A normal eye can see the distant objects as well as the nearby objt clearly.We will now discuss how the eye is able to focus the objects lying at various distances. An eye 👀 focus the image of the distance objects as well as the nearby objects on its retina by changing the focal length (or converging power) of its lens. The focal length of the length eye- lens is changed by the action of ciliary muscles. The ciliary muscles can change the thickness of the soft and flexible eye- lens and hence it's focal length which, in turn, changes the converging power of the eye- lens). Let us see how it happens.
When the eye is looking at a distant object (at infinity), then the ciliary muscles of the eye are fully relaxed. The relaxed ciliary muscles of the eye pull the suspensory ligaments attached to the eye- lens tightly.
The suspensory ligaments, in turn pull the eye- lens due to which the eye- lens gets stretched and becomes thin (or less convex). The thin eye- lens has large focal length but it's converging power is small. The small converging power of thin eye- lens is sufficient to converge the parallel rays of light coming from a distant object to form an image on the retina of the eye 👁️.
When the eye is looking at a distant object, the eye is said to be unaccommoded because it is the relaxed state of the eye. The thin eye- lens is not powerful enough to converge the diverging light rays coming from the nearby objects onto the retina.
So, to look at the nearby objects, the eye- lens has to change its shape and become thick (or more comvex) to increase its converging power. This happens as follows:
When the same eye has to look at a nearby object, the ciliary muscles of the eyes contact. The contracted ciliary muscles make the suspensory ligaments loose. When the suspensory ligaments became loose, they stop pulling the eye- lens. The eye- lens bulges under its own elasticity and becomes thick (or more convex) converging power of eye- lens increase, the thick eye- lens can converge the diverging light rays coming from the nearby object to form an image on the retina of the eye.

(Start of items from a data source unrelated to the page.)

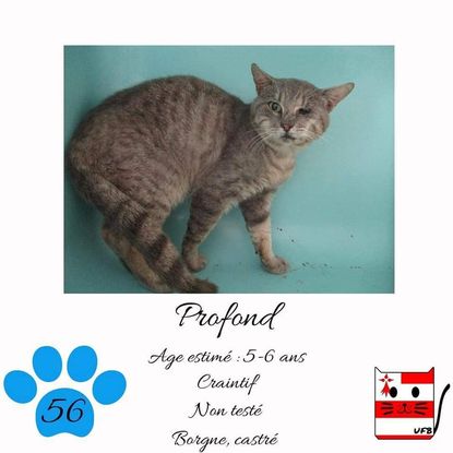 Profond est un mâle de 5-6 ans craintif (un comportement normal en fourrière) qui vous attend dans une fourrière du 56. ATTENTION SORTIE AU PLUS TARD LE 28/08/2021 (avant euthanasie) !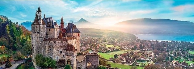 This panoramic puzzle with a romantic view of Menthon Castle overlooking Lake Annecy will delight lovers of beautiful landscapes as well as seasoned puzzlers. Thanks to the panorama format, it looks great on the wall and becomes a stylish decoration for your interior.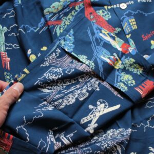フランスとアメリカを舞台にしたオルゲイユならではのアロハシャツです。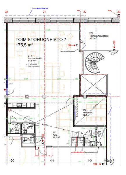 Haarlankadulta historiallisesta tehdasmiljööstä modernia täysin remontoitua korkeaa toimistotilaa raitiovaunureitin varrelta.
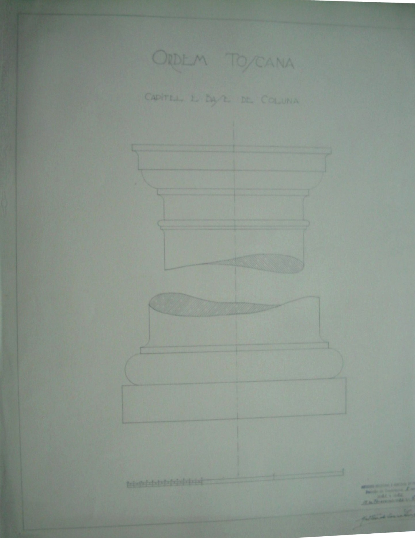 | Descrição: | O desenho representa um capitel e a base da coluna da ordem toscana. Esta ordem é caracterizada pela simplicidade das formas. |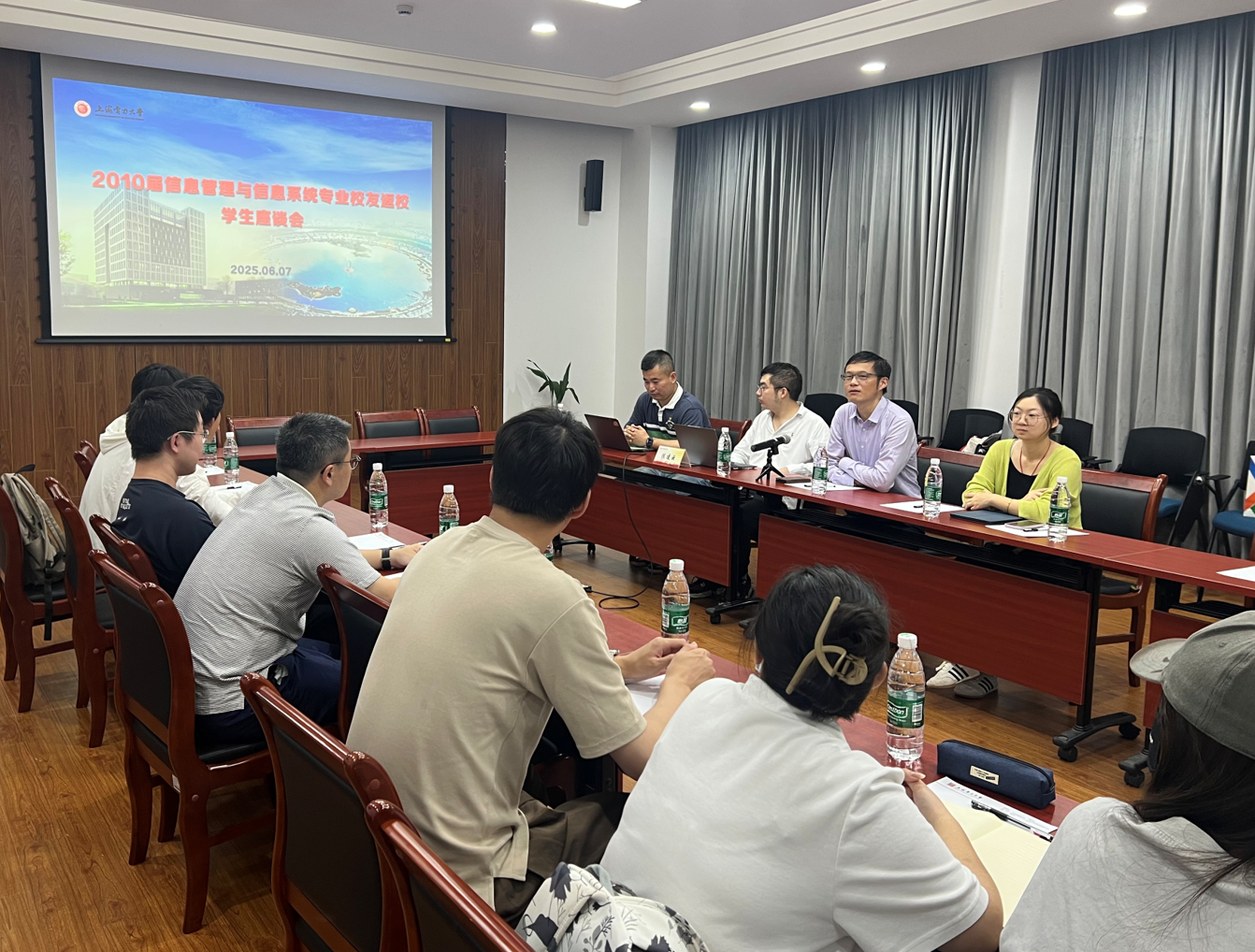 6月7日,一场满载知识与温情的校友返校座谈交流会在临港校区学术楼105热烈开展。2010届经管学院信息管理与信息系统专业、现就职于上海用友政务公司的优秀校友张翔及同事陈凌云重返母校,与大三信息管理与信息系统专业学子齐聚一堂,分享职场经验,共话专业发展,为同学们带来了一场别开生面的交流盛宴。学院党委副书记、常务副院长潘华,辅导员王卲萱参加了交流会。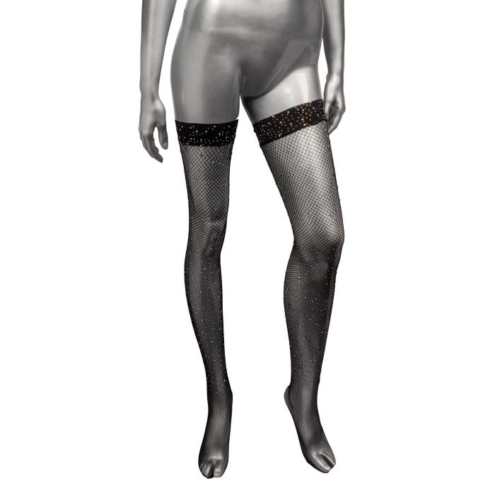 - Materiaal:92% Nylon, 8% Spandex (fabric) 92% Nylon, 8% Rubber (elastic) Silicone (clear stay-up support) 100% Glass (rhinestones)

This is shown in picture in which an object O is near to the eye. It has been focused by the retina of the eye. This is shown in picture in which an object O is near to the eye. It has been focused by the thick eye- lens to form an image I on the retina. When the eye- lens becomes more convex to focus the nearby objects, the eye is said to be 'accommodated'. We can now say that: The ability of focus the distant objects as well as the nearby objects on the retina by changing the focal length (or converging power) of its lens is called accommodation.
The maximum "accommodation" of a normal eye is reached when the object is at a distance of about 25 cm from the eye. After this the ciliary muscles cannot make the eye- lens more thick (or more convex). So, an object placed at a distance of less than 25 cm cannot be seen clearly by a normal eye because all the power of accommodation of the eye has already been exhausted. Thus, a normal eye has a power of accommodation which enables objects as far as infinity and as close as 25 cm to be focused on the retina. The power of accommodation of the eye for a person having normal vision (normal eyesight) is about 4 dioptres.